Wednesday, May 02, 2007

It's a sense of perspective.



This may all have been prompted by the death on sunday night of a guy i knew who was the same age as me, or maybe not, I'm not sure.

Somedays the voice is there, Monday was one, especially the morning bit, I was useless, no good, life was pointless, and then for some reason i can never put my finger on it brightened up, I felt a lot better and then yesterday morning (Tuesday) I decided to write out all the things in my life that i was grateful for. I found it difficult to get started, family, house, friends, the normal stuff. But then after a minute or two the pen started flying, and i was unstoppable, i'm grateful for my brain, my legs, my ability to sell and keep customers, fun, where i live, the rossies, people who half understand me, long daft chats about life, the gnawing feeling that often keeps me on my toes, writing this daft blog, music, my ipod, my famous right knee, my childhood family, and more and more stuff just kept flying out until i had pages filled with things i'm greatful.

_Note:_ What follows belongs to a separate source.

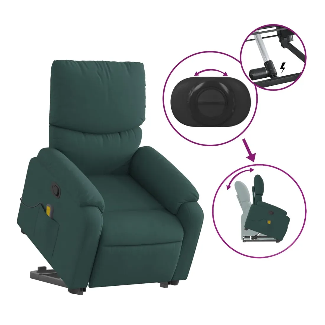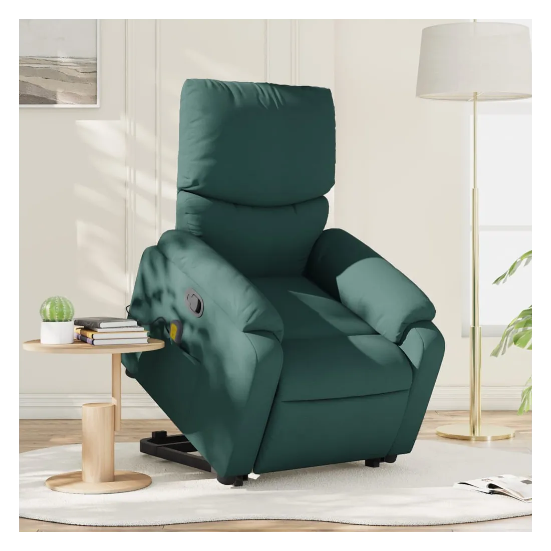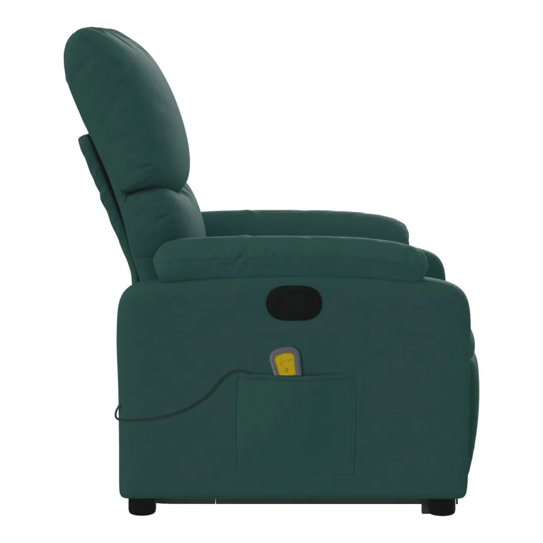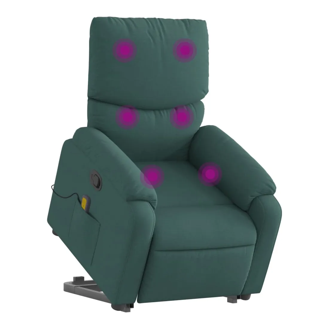 Asseyez-vous et détendez-vous dans ce fauteuil inclinable de massage très confortable ! Fonction de levage électrique : ce fauteuil inclinable pour personnes âgées est équipé d'un moteur électrique pour la fonction de levage. Grâce à la fonction qui pousse toute la chaise vers le haut, vous pouvez facilement vous tenir debout sans stresser votre dos et vos genoux en appuyant simplement sur le bouton.Fonction d'inclinaison manuelle : ce fauteuil inclinable est doté d'une poignée du côté droit. Vous pouvez régler manuellement le repose-pieds et le dossier dans n'importe quelle position selon votre confort en tirant simplement sur la poignée. Cette fonction permet une inclinaison maximale de 135 degrés. De plus, le dossier peut revenir rapidement à sa position d'origine en tirant simplement sur la poignée.Fonction de vibration : les 6 points de massage vous permettent de faire l'expérience d'un massage mieux ciblé. De plus, la télécommande incluse vous permet de choisir différents programmes de massage. La fonction de massage est alimentée par le connecteur USB qui nécessite une source d'alimentation USB certifiée de 5 V (non fournie).Expérience d'assise confortable : le siège, le dossier et les larges accoudoirs bien rembourrés recouverts de tissu procurent une sensation confortable et chaleureuse, vous permettant de vous sentir enveloppé lorsque vous êtes assis. Le tissu présente un aspect simple et épuré et est respirant et durable.Poche latérale pratique : ce fauteuil est doté d'une poche latérale pour ranger votre télécommande ou garder vos objets essentiels à portée de main.Cadre solide et stable : le cadre en bois et en métal offre une structure solide et une grande stabilité. Ce fauteuil inclinable est confortable et durable.

Here's the thing, I often feel down and envious of people who have it solved, those who are so relaxed that nothing is bothering them, but i'm pretty sure nobody has it solved all the time, everybody has doubt, it's part of life, but at the same time life is pretty good, whether we can see that or not.... here's a video that kind of sums it up for me


Somedays i know it's a wonderful world but I can't really see it.